### Problem details
Would you print the records below from the first line through the line containing "After studying rare", skipping the pictures?

------------------------------------

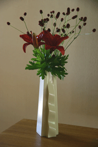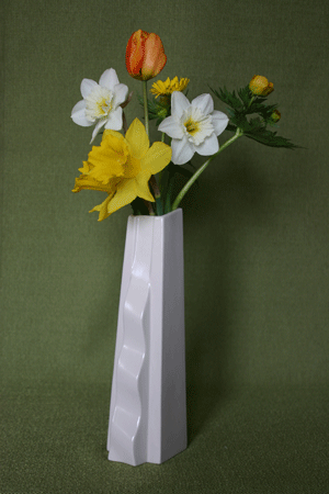 JOKI -maljakkoon voi tehdä monenlaisia kukka-asetelmia. Toimii myös yhden kukan maljakkona; kerpera, ruusu, kalla, onnenkukka ... Maljakon pariksi sopii JOKI -kynttilänjalka Koko: korkeus 27 cm leveys 7 cm Värit: luonnonvalkoinen ja kaksivärinen: sisäpuoli sininen, turkoosi, vihreä ulkopuoli sininen, turkoosi, vihreä Valmistus: vitroposliinivalusavesta valaminen, lasite korkeanpolton lasite
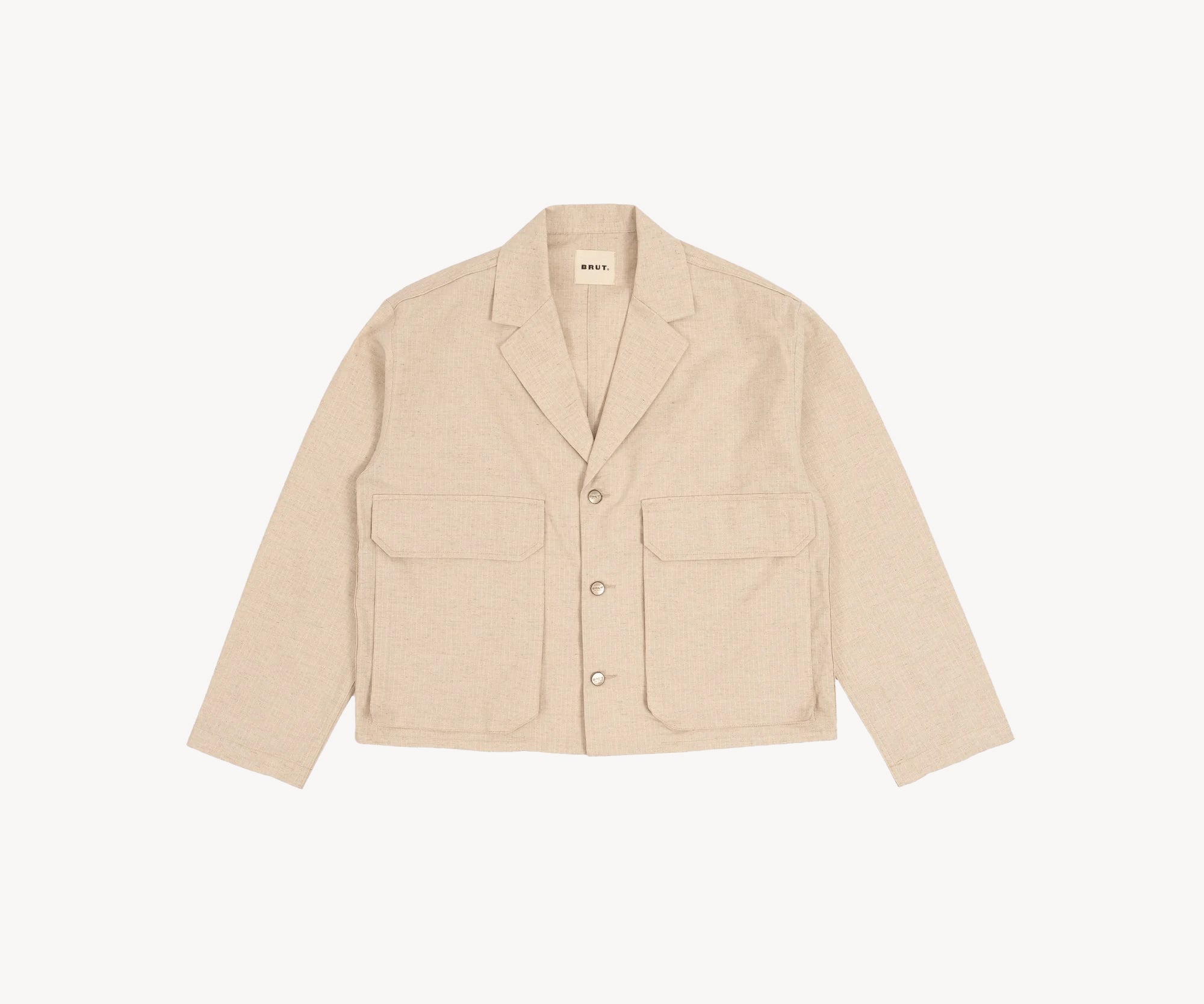 After studying rare vintage workwear uniforms in our archive, we followed Brut's vision of the perfect boxy blazer, resulting in the creation of a new Brut staple. The Crop Blazer holds a classic relaxed fit with a subtle boxiness to it, flattering drop shoulder, two large pocket for a minimal design .
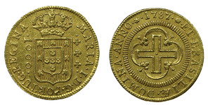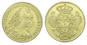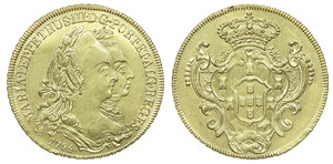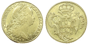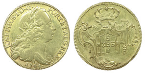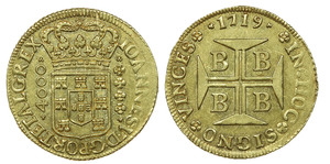 AU. Dobra 1731. Minas Gerais. 1/0 data emendada. 28,35 g. Gomes 140.09, KM 139, AR O287, B 105.10. MBC+ ...
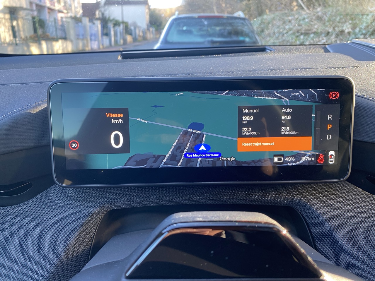 L’ergonomie est soignée, bien que certains choix soient discutables. Les raccourcis à gauche du volant permettent de désactiver les alertes de survitesse et d’accéder au mode « one-pedal », mais cela reste moins pratique que des palettes derrière le volant pour gérer la régénération.
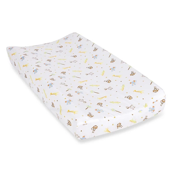 - Change your little adventurer on Trend Lab's Jungle Fun Animals Changing Pad Cover, featuring a sweet scatter print of giraffes, monkeys, elephants, and gators
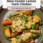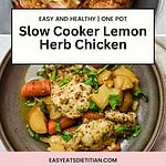 This Slow Cooker Lemon Herb Chicken requires just a few minutes of prep and makes for a great set it and forget it meal! It's an absolutely delicious dinner that is both healthy and balanced. It's also ready in just one pot, which makes cleaning up easy!

------------------------------------

### Result of the task
 JOKI -maljakkoon voi tehdä monenlaisia kukka-asetelmia. Toimii myös yhden kukan maljakkona; kerpera, ruusu, kalla, onnenkukka ... Maljakon pariksi sopii JOKI -kynttilänjalka Koko: korkeus 27 cm leveys 7 cm Värit: luonnonvalkoinen ja kaksivärinen: sisäpuoli sininen, turkoosi, vihreä ulkopuoli sininen, turkoosi, vihreä Valmistus: vitroposliinivalusavesta valaminen, lasite korkeanpolton lasite
 After studying rare vintage workwear uniforms in our archive, we followed Brut's vision of the perfect boxy blazer, resulting in the creation of a new Brut staple. The Crop Blazer holds a classic relaxed fit with a subtle boxiness to it, flattering drop shoulder, two large pocket for a minimal design .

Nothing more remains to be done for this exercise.